Many large enterprises now rely on hundreds of third-party SaaS applications to do business, but their security organizations can barely keep pace. Right now, the state of the art for SaaS enterprise security are cloud access security brokers (CASBs) that act as intermediaries between users and the actual service. But they don’t provide the kind of visibility that enterprises want since employees will often route around their IT departments. Tel Aviv-based Grip Security aims to make this a lot easier by providing enterprises with full visibility into their SaaS portfolios through enforceable endpoint-centric access controls and new data governance capabilities that work across devices and locations.

Grip Security today announced that it has raised a $6 million seed round led by cybersecurity-focused YL Ventures, with participation from CrowdStrike CEO and co-founder George Kurtz and a group of other angel investors with deep roots in the cybersecurity industry. These include the likes of former Akamai CSO Andy Ellis, former Zscaler CISO Michael Sutton, former Bank of America Chief Security Scientist Sounil Yu and Amazon Whole Foods CISO Sameer Sait.

Image Credits: Grip Security

“The founding team at Grip Security brings deep technical acumen to disrupt the SaaS security market,” said Ofer Schreiber, partner at YL Ventures. “Grip will not only upend antiquated SaaS security solutions, but they’ll also help enterprises implement much needed automated and granular security for SaaS, the fastest growing segment in information technology.”

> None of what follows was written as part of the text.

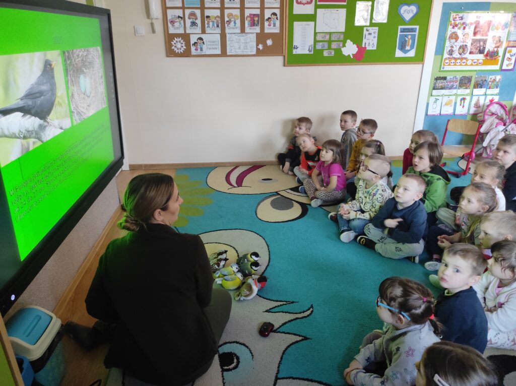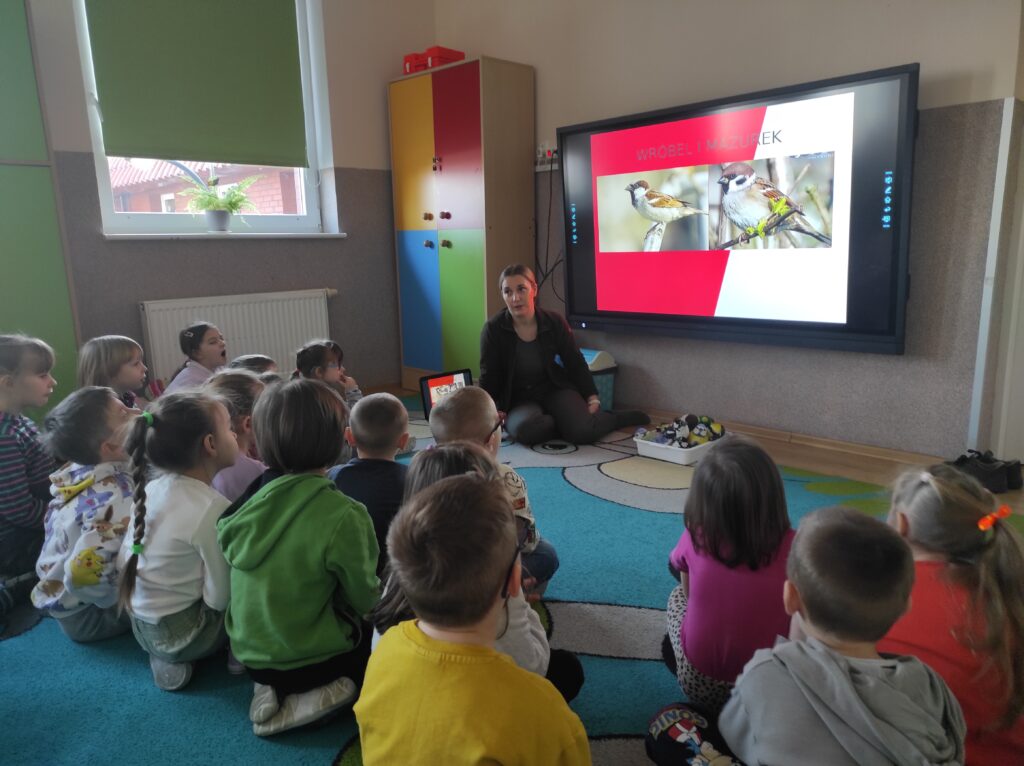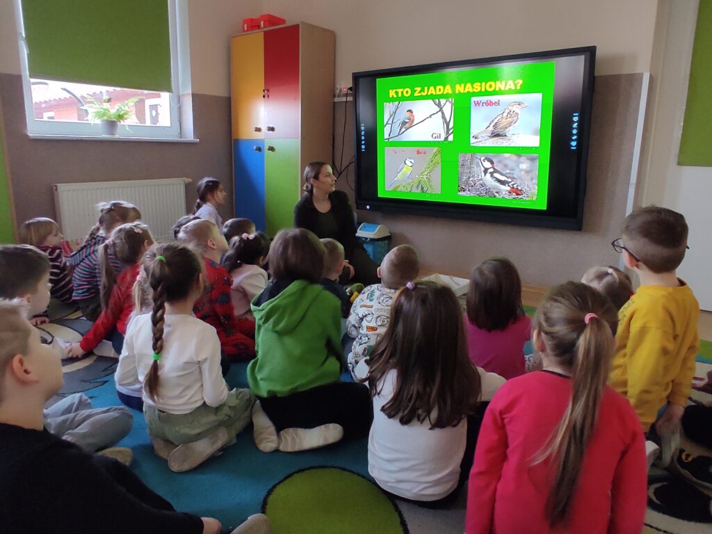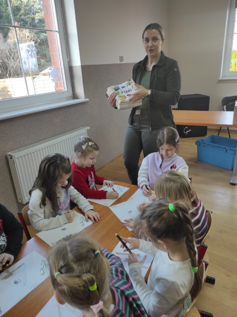 W środę 5 lutego 2025 r. dzieci z grupy „Żabki” i „Zajączki” odwiedziła edukator z Krajeńskiego Parku Krajobrazowego – pani Monika Ewert. Dzieci z ogromnym zaciekawieniem uczestniczyły w tym spotkaniu. Pani Monika opowiedziała o gatunkach ptaków, które zimują w Polsce, zachęcała dzieci do dokarmiania ptaków w okresie zimy i wytłumaczyła, jak mądrze pomagać naszym skrzydlatym przyjaciołom, aby przetrwały ten trudny czas. Pani edukator podkreśliła również, jak ważna jest systematyczność oraz odpowiednio dobrany pokarm. Aktywny udział przedszkolaków został nagrodzony upominkami – karmnikiem dla ptaków i książkami o ptakach.

Before starting Grip Security, co-founder and CEO Lior Yaari actually spent some time as the CTO of YL Ventures (though he says he still had to go through the firm’s standard vetting procedure to get funding). In that role, he talked to a lot of CISOs, and, again and again, they talked to him about the problems with current SaaS security solutions. Like his co-founders, Idan Fast (CTO) and Alon Shenkler (VP R&D), Yaari also has a deep cybersecurity background. But it was during his time YL Ventures that the idea for Grip Security was born.

“Within YL Ventures, we were always looking for the next interesting sub-market and we knew from our conversation with CISOs  […] that people know SaaS is a problem and they did not like the existing solutions — many of them being CASBs,” Yaari told me. “From this view of an investment team that not only talks with customers but also sees some technical teams that try to solve this problem and then go back and look for other solutions because they didn’t find a good fit within the market, I eventually wanted to do it myself. Last July, I actually told [YL Ventures partner Ofer Schreiber] that if no one solved this until October, I will. That was a joke back then — and then, three or four months later, it became reality. It’s hard to look at hard and interesting problems without trying to solve them.”

Most of the popular CASBs today were founded around 2013 and 2014 and then later acquired by other major players like Microsoft, Cisco and Proofpoint. But Yaari argues that the problems with protecting SaaS today is fundamentally different from those 10 years ago. These solutions, he argues, worked for protecting a dozen applications or so.

The promise of Grip Security is that after a quick installation, enterprises get full visibility into which applications their employees actually use. Yaari wasn’t quite ready to give away the secret sauce of how Grip does this, though. But he noted that this is a non-intrusive solution. “We do not install anything on user devices or corporate networks, but we follow the footprints left by SaaS applications and use this data to identify with extreme accuracy what applications were used.” He noted that Grip Security’s solution travels with the users, no matter which device they use.

Grip Security currently has about 15 employees and plans to use the new funding to build out its platform with additional capabilities, especially around providing access governance and data governance to applications. The plan is to grow to 20 to 25 employees within the next year.